I found a thermarest heavy and cold.


----------



## ceepeebee (17 Aug 2012)

thanks for all your input folks, I've gone for an Alpkit Dirtbag in the end - everything I've had from them has been very decent and the price is definitely right. What we'll do is start on the double airbed, but, as usually happens, my back starts complaining I'll give the dirtbag a go. It's primarily for sub24s on the bike but it needs a good test... Fortunately the weather looks to be cracking so the heat aspect shouldn't be an issue this time around [touches wood]


----------



## steveindenmark (17 Aug 2012)

I can give you a definitive answer. That is unusual for me because I usually do not know much about a lot. Over the last 40+ years I have tried every airbed, foam mat, sleeping mat. The whole works. I have had 4 thermarests which were quite good.

I now have a Synmat UL 7 and there is no doubt at all it is the best sleeping surface I have ever had. It has fibres inside it that warm up when you lay on it and it keeps you warm. It is light and small, perfect for cycle touring and it is simple to inflate and deflate.

I have tried them all and this is the best by far.

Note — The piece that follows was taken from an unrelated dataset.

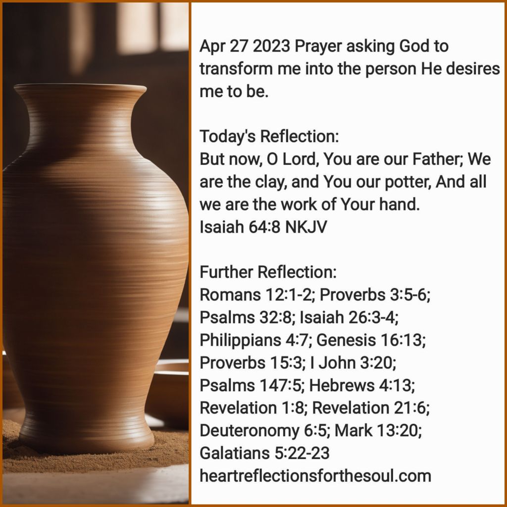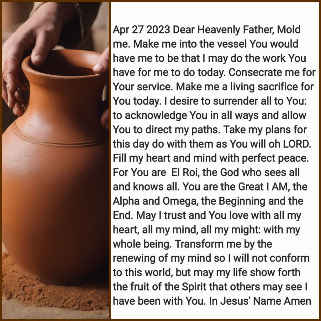 Dear Heavenly Father, Mold me. Make me into the vessel You would have me to be that I may do the work You have for me to do today. Consecrate me for Your service. Make me a living sacrifice for You today. I desire to surrender all to You: to acknowledge You in all ways and allow You to direct my paths. Take my plans for this day to do with them as You will oh LORD. Fill my heart and mind with perfect peace. For You are El Roi, the God who sees all and knows all. You are the Great I AM, the Alpha and Omega, the Beginning and the End. May I trust and You love with all my heart, all my mind, all my might: with my whole being.Transform me by the renewing of my mind so I will not conform to this world, but may my life show forth the fruit of the Spirit that others may see I have been with You. In Jesus’ Name Amen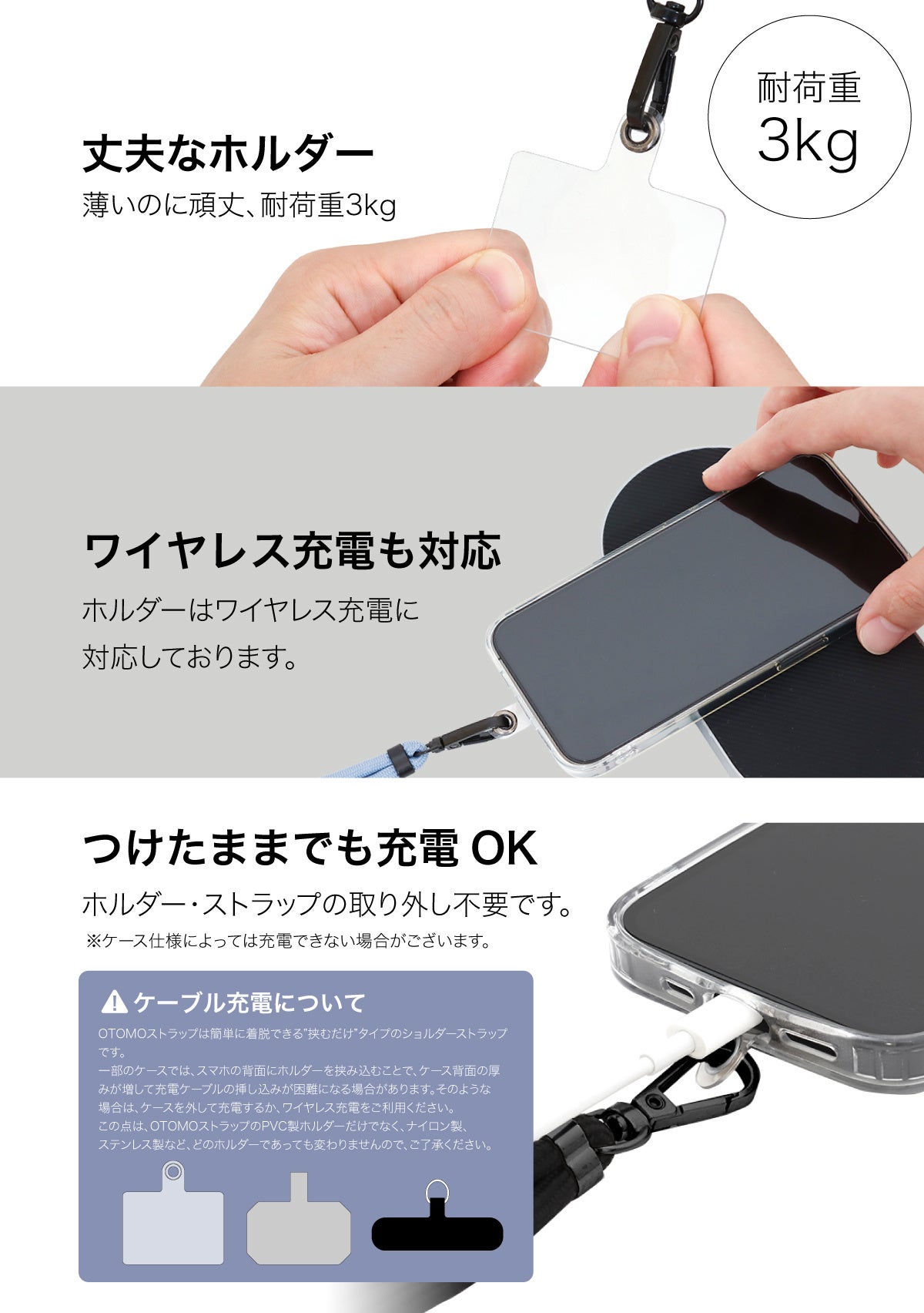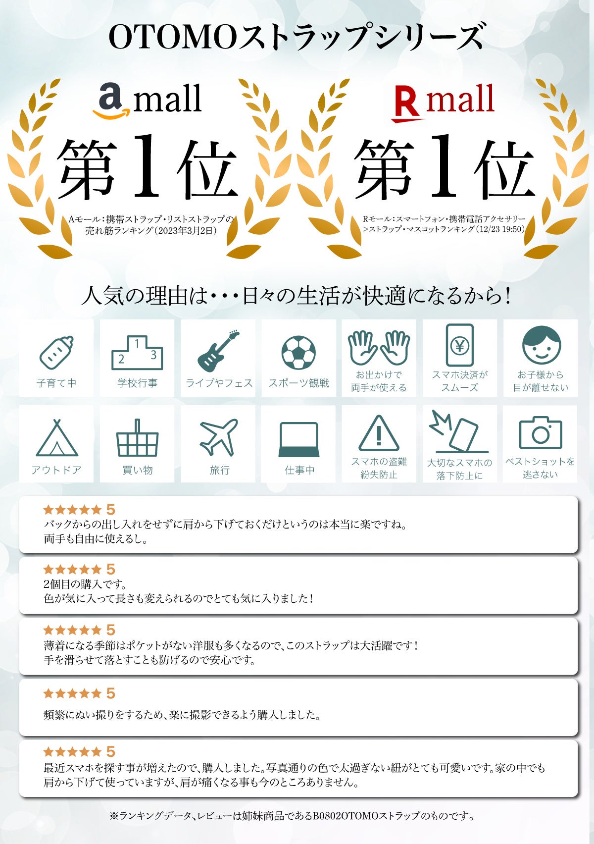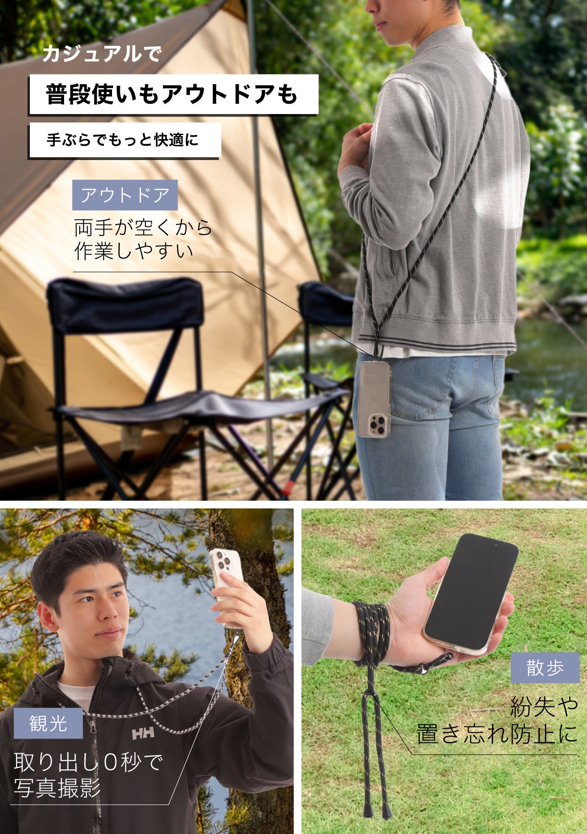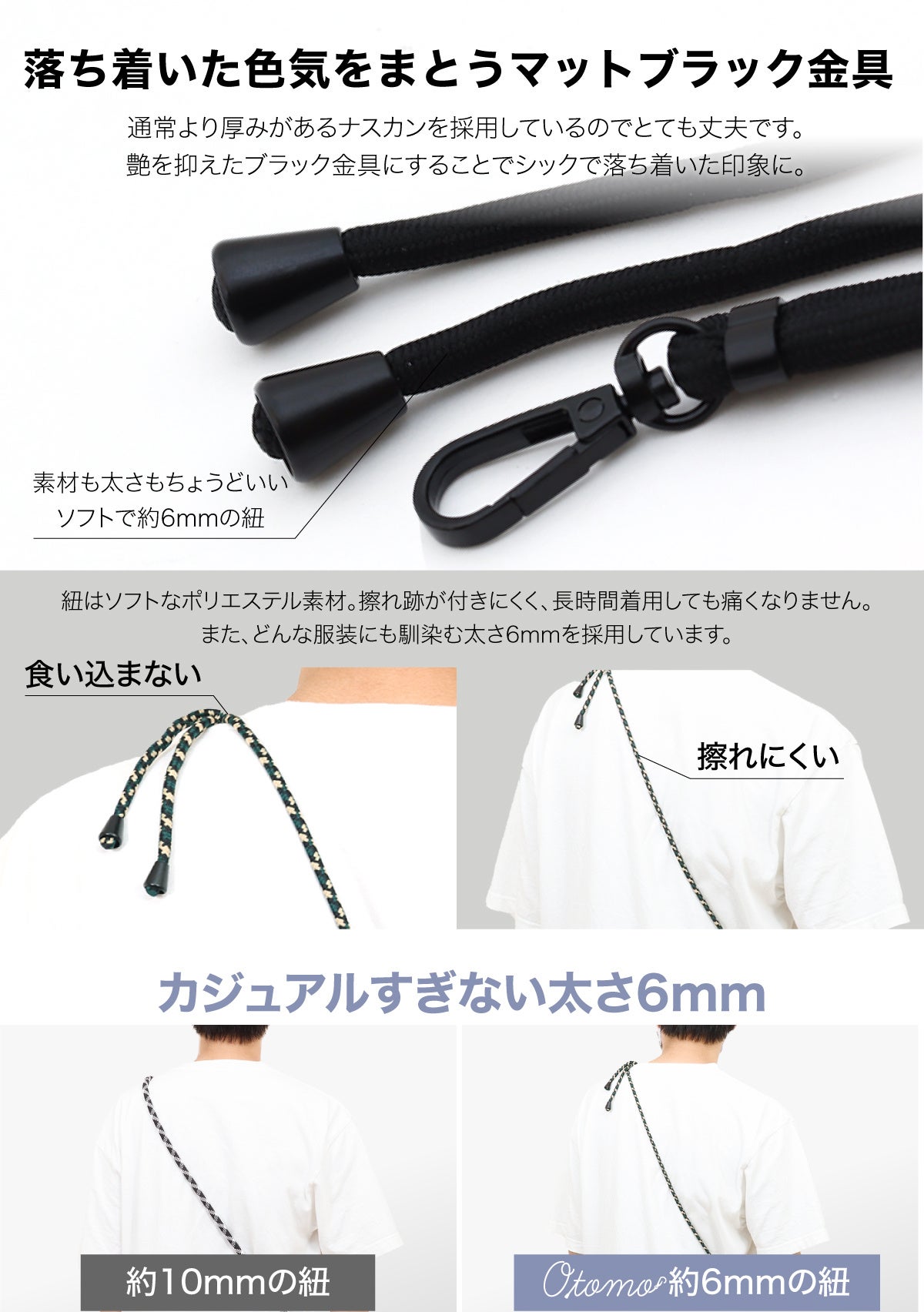 【Amazon&楽天ランキング1位獲得】スマホ ショルダー「OTOMOストラップ」にスーツ(ビジネス)やアウトドアにも馴染むメンズライクな男性向けマットブラック金具が登場!肩掛け・斜め掛け・首掛けで!

Sorry I was too late in letting you know but we have been camping in Germany. Lots of lovely nights sleep.


View: http://www.youtube.com/watch?v=7ovZQr8XujQ


Steve


----------



## Tiberius Baltar (17 Aug 2012)

I use this; http://www.amazon.co.uk/Gelert-X-Tr...UTF8&colid=U7MNI41BL84Z&coliid=I350PG33TLHBT8

on top of a roll mat. The roll mat insulates me and the air bed gives extra comfort at little weight cost.


----------



## jay clock (22 Aug 2012)

Horses for courses. Only you can tell. The people above who say a 10mm Thermarest is fine, mean it is fine for them. I used one for a 3 week tour and camped less and less due to discomfort. I now have an Exped Downmat and LOVE it. If you are lard arse who sleeps on his side, it will make all the difference!


----------



## jay clock (29 Aug 2012)

I have just invested (word used loosely) in a Synmat UL 7 to replace my Downmat 7. Initial impressions are excellent and most specifically lighter. However it will not be as warm. Now selling the Downmat - PM me if interested. Will place ad in classified


----------



## Trail Child (29 Aug 2012)

jay clock said:


> Horses for courses. Only you can tell. The people above who say a 10mm Thermarest is fine, mean it is fine for them. I used one for a 3 week tour and camped less and less due to discomfort. I now have an Exped Downmat and LOVE it. If you are lard arse who sleeps on his side, it will make all the difference!


Totally agree. Didn't sleep a wink on a Thermarest (also a side sleeper but not a lard arse LOL). The dogs now sleep on the Thermarest.


----------